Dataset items
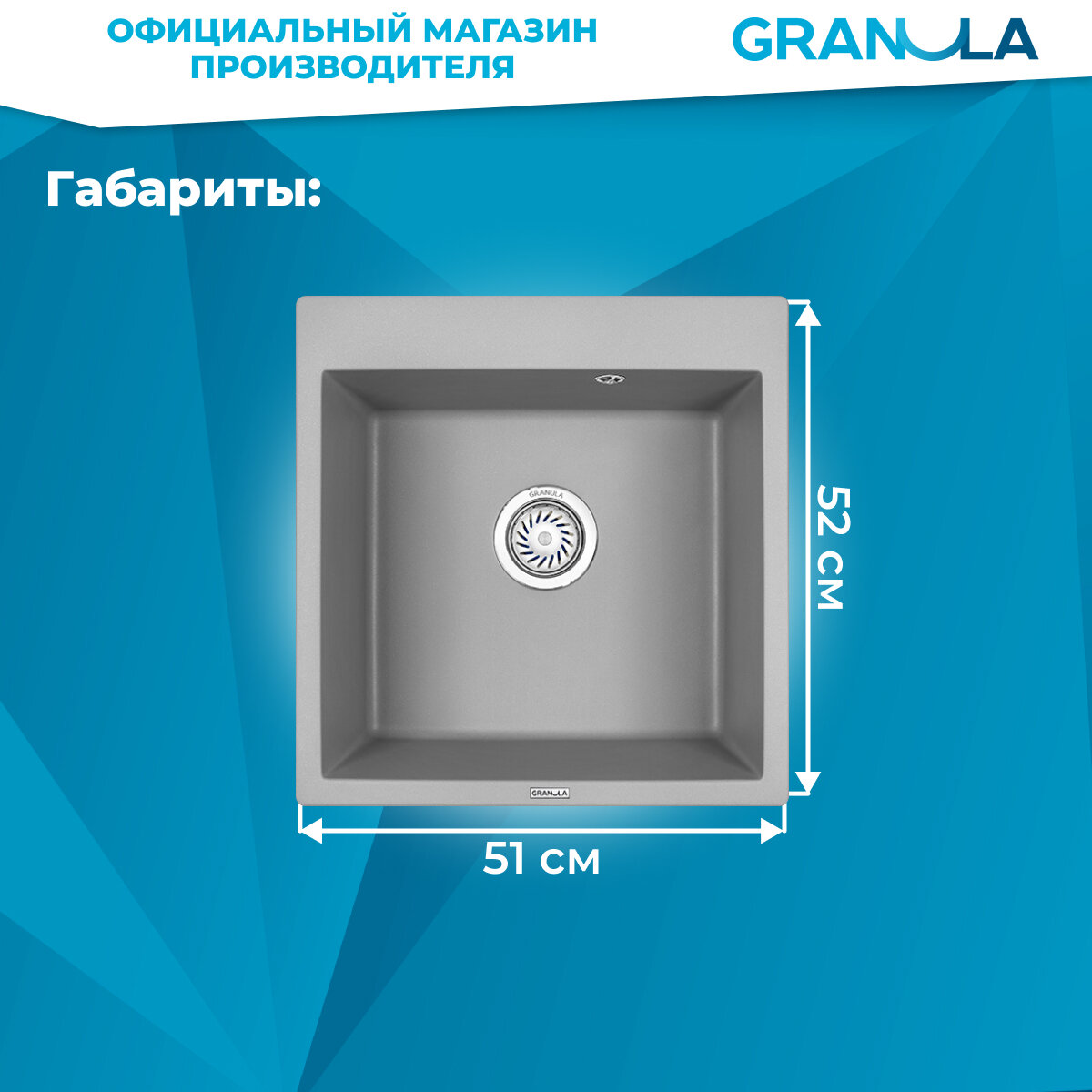 мойка квадратная GRANULA 510х520х190мм арктик кварц
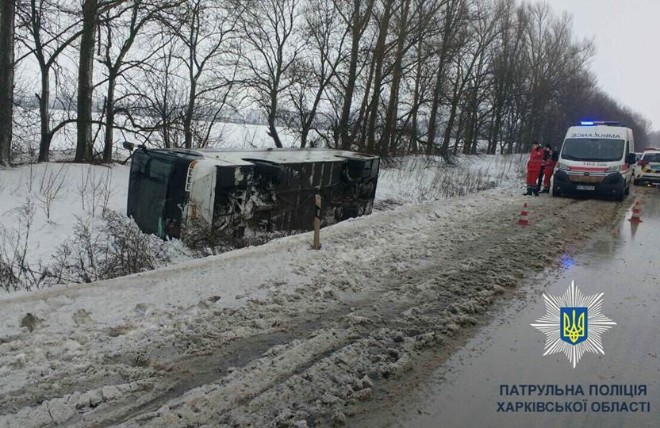 Происшествие случилось около села Чкаловское Чугуевского района в 7:45. В аварии серьезно никто не пострадал, все пассажиры и водитель отделались легкими ушибами.
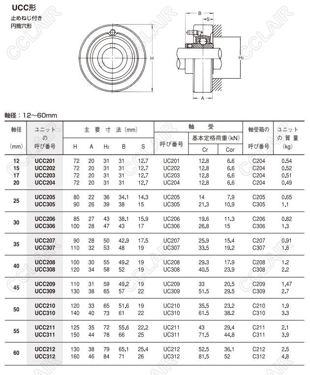 UCC201,UCC202,UCC203,UCC204,UCC205,UCC305,UCC206,UCC306,UCC207,UCC307,UCC,轴承
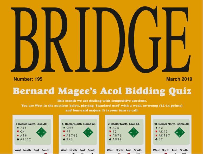 Gostyn Waites led the 2♠️ and down went the dummy. He gasped as he saw the four-card spade support. Gisborne had a 4–3–3–3 shape, yet surely he should have raised the Sheriff’s spades?
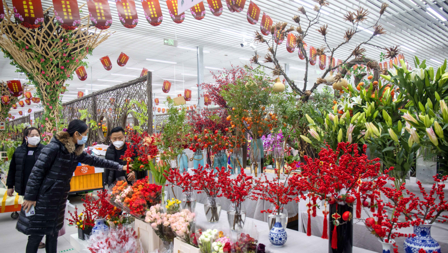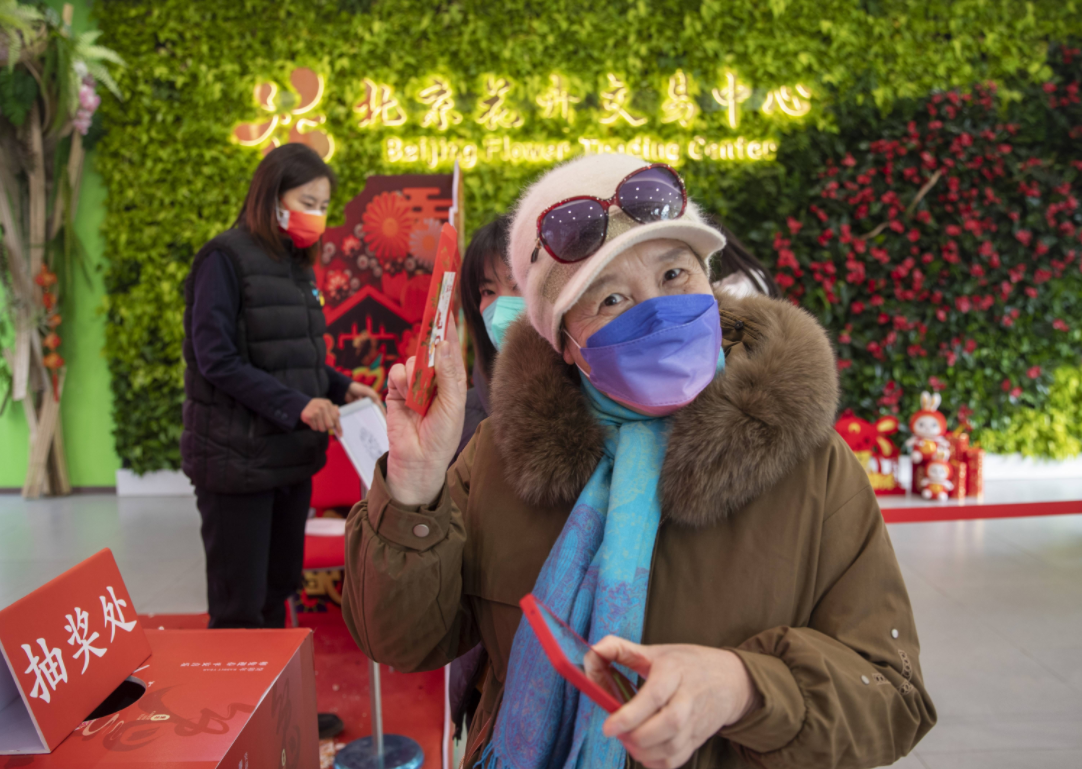 “您好,您在这边扫码,授权登录一下‘北京花卉’小程序,就可以抽奖了。”“中了100元优惠券,今天的手气真好,一会儿就把刚看上的蝴蝶兰买回去!”北京花卉交易中心,花香阵阵,喜庆热闹的节日气氛十足。
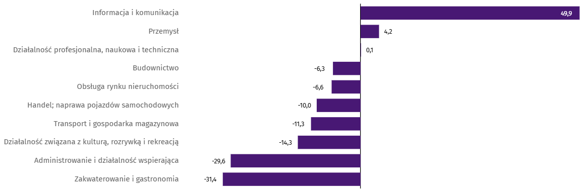 Największy wzrost wynagrodzeń dotyczył administrowania i działalności wspierającej (+19,9 proc.), obsługi rynku nieruchomości (+12 proc.) i działalności profesjonalnej, naukowej i technicznej (+11,1 proc.). W przemyśle płace poszły w górę o 9,2 proc., w gastronomii o 8,4 proc., a w kulturze i rekreacji o 8,3 proc. Płace wzrosły też w handlu (+7,9 proc.), transporcie i informacji (+5,5 proc.) oraz w budownictwie (+4,9 proc.).

● **TASK TO CARRY OUT**:
In the entries above, find the line that contains "Gostyn Waites led", then repeat exactly every line from the first one through that line, with no pictures.

● **TASK RESPONSE**:
 мойка квадратная GRANULA 510х520х190мм арктик кварц
 Происшествие случилось около села Чкаловское Чугуевского района в 7:45. В аварии серьезно никто не пострадал, все пассажиры и водитель отделались легкими ушибами.
 UCC201,UCC202,UCC203,UCC204,UCC205,UCC305,UCC206,UCC306,UCC207,UCC307,UCC,轴承
 Gostyn Waites led the 2♠️ and down went the dummy. He gasped as he saw the four-card spade support. Gisborne had a 4–3–3–3 shape, yet surely he should have raised the Sheriff’s spades?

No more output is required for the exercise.